Thursday, January 06, 2011

Your Vehicle Starts Due To Relativity!

Thanks to "Cthugha" at the Physics Forums for bringing this paper to my attention (this is what happens when one is trying to catch up with work after the holidays - one forgets to troll the various physics journals sites).

A new paper in PRL has a very interesting theoretical calculation for lead-acid battery used in motor vehicles. Supposedly, there are no ab initio calculations for such battery works, i.e. no theoretical calculation for the energies of the reactants - till now[1]!

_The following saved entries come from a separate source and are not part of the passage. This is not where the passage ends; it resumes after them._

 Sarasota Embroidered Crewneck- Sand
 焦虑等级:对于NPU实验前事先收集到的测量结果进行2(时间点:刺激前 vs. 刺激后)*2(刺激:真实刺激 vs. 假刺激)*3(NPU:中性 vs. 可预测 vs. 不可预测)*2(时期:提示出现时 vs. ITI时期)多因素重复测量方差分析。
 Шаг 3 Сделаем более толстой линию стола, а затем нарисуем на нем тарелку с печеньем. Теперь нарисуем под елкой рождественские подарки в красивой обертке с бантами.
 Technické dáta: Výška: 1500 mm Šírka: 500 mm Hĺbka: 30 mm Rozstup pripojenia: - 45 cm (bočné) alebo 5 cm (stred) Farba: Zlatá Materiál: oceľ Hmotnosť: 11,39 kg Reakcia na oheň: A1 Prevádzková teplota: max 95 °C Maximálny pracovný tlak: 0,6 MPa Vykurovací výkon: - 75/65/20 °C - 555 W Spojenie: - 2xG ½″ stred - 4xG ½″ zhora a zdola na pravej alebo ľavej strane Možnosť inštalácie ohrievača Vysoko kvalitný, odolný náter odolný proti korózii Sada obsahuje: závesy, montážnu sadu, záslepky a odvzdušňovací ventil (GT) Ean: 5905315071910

Abstract: The energies of the solid reactants in the lead-acid battery are calculated ab initio using two different basis sets at nonrelativistic, scalar-relativistic, and fully relativistic levels, and using several exchange-correlation potentials. The average calculated standard voltage is 2.13 V, compared with the experimental value of 2.11 V. All calculations agree in that 1.7–1.8 V of this standard voltage arise from relativistic effects, mainly from PbO2 but also from PbSO4.

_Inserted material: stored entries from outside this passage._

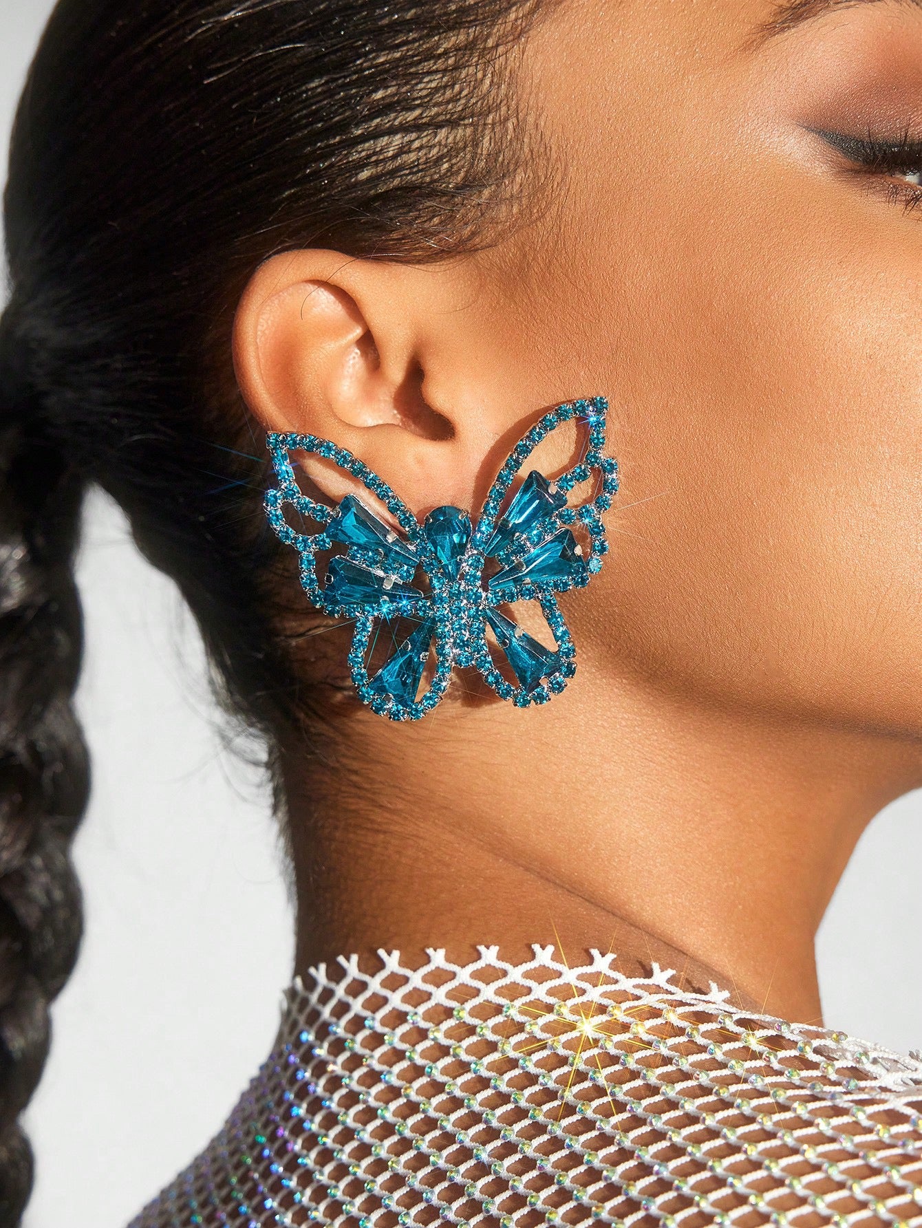 Butterfly shaped rhinestone earrings
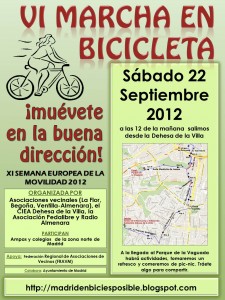El próximo sábado 22 de septiembre tendrá lugar la marcha reivindicativa que anualmente organizamos diversas entidades ciudadanas de los barrios del norte de Madrid exigiendo medidas suficientes para facilitar la movilidad en bicicleta como medio de transporte no contaminante.
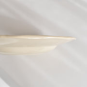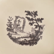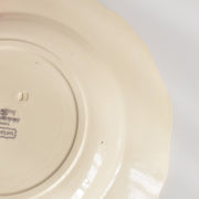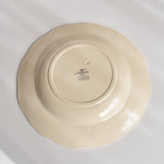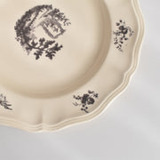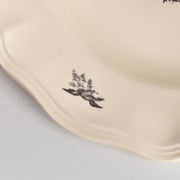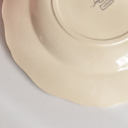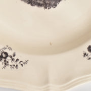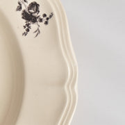 人気の花リム(フリル状の縁)が施された、温かみのあるクリームがかったアイボリー色の美しいプレートをベースに、シックな黒のトランスファー(転写)プリントが際立っています。

But what made it stood out is the end of of the paper, where the authors wrote "Finally, we note that cars start due to relativity"! :)

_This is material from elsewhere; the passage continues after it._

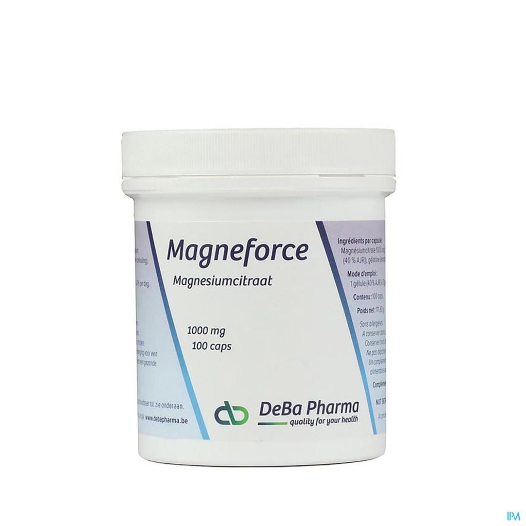 Magneforce bevat magnesiumcitraat als actieve stof. Magnesium is een mineraal waarvan een groot deel aanwezig is in onze botten en spieren. Magnesium is, net zoals calcium, een elektrolyt. Een belangrijk signaal van een magnesiumtekort zijn spierkrampen.
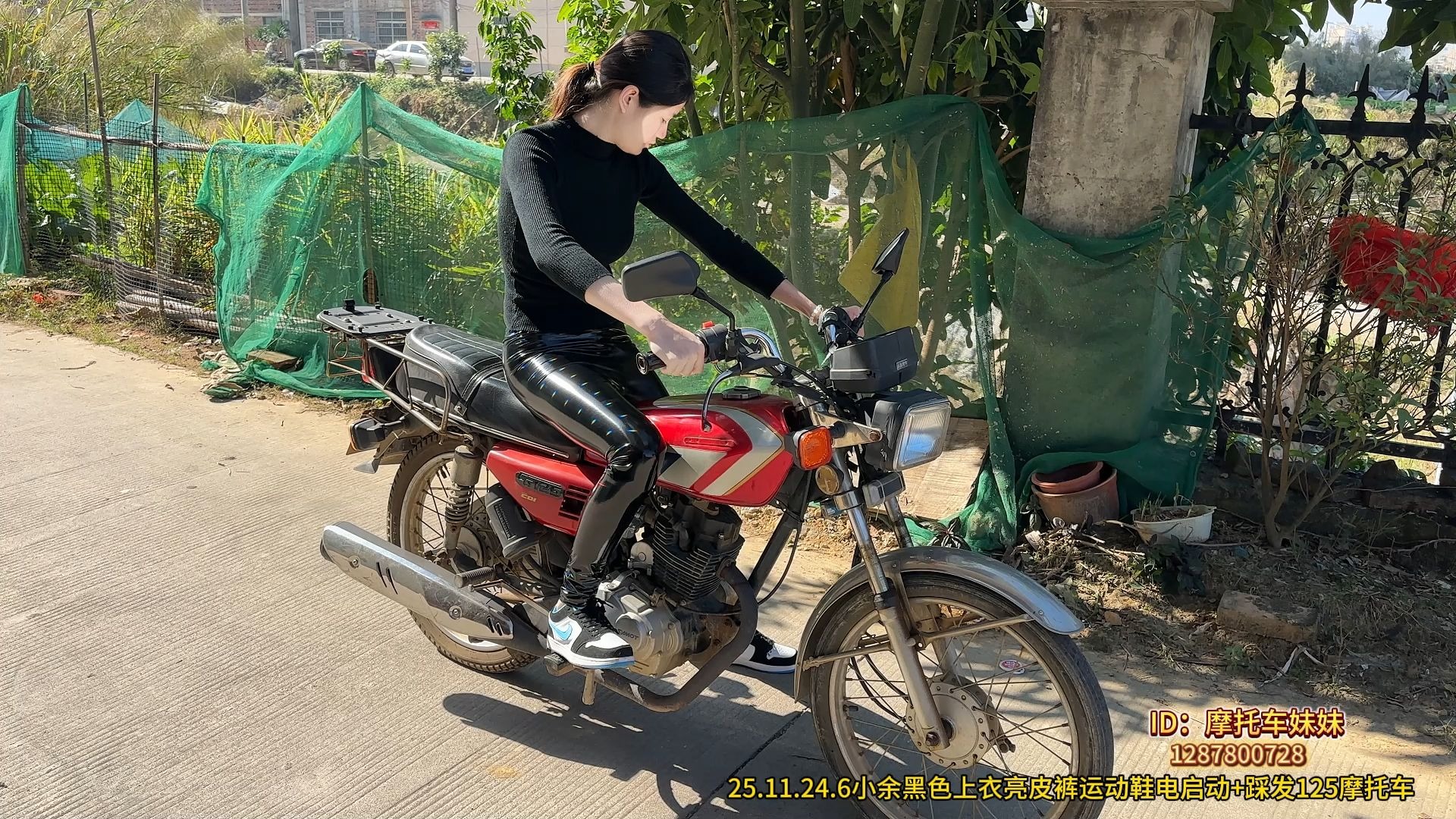 小余穿着帅帅的亮皮裤说来踩踩这辆老年125摩托车,猜猜她踩着火了吗

Well, there ya go! If anyone questions you on the use of relativity, you point to their car batteries!

I love it!

Zz.

Edit: Don't miss the Physical Review Focus coverage of this work.

[1] R. Ahuja et al., Phys. Rev. Lett. v.106, p.018301 (2011).

4 comments:

rob said...

that *is* great! ha.

Unknown said...

Glad you like it :)

Patryk Zaleski-Ejgierd

Anonymous said...

I dont understand this.how does relativity help my car start.????And what "relativistic effects" is the author referring to??

Anonymous said...

Very interesting to read this paper on Lead-acid 'batteritivity' and the other one on mercury battery.But then any heavy atom conforming to jj coupling taking part in an electron transfer event is expected to show relativistic effects such as reported here. In fact in DFT calculations in many cases dont yield agreement unless one takes relativistic effects into account.
A dramatic effect of relativity ( as I wrote in a Poster item several years ago and talked about it in 2004 in an Einstein Seminar is when one 'Bends it like Einstein" ('it' meaning electron beam and the 'bender' is a magnetic field). The case of synchrotron radiation!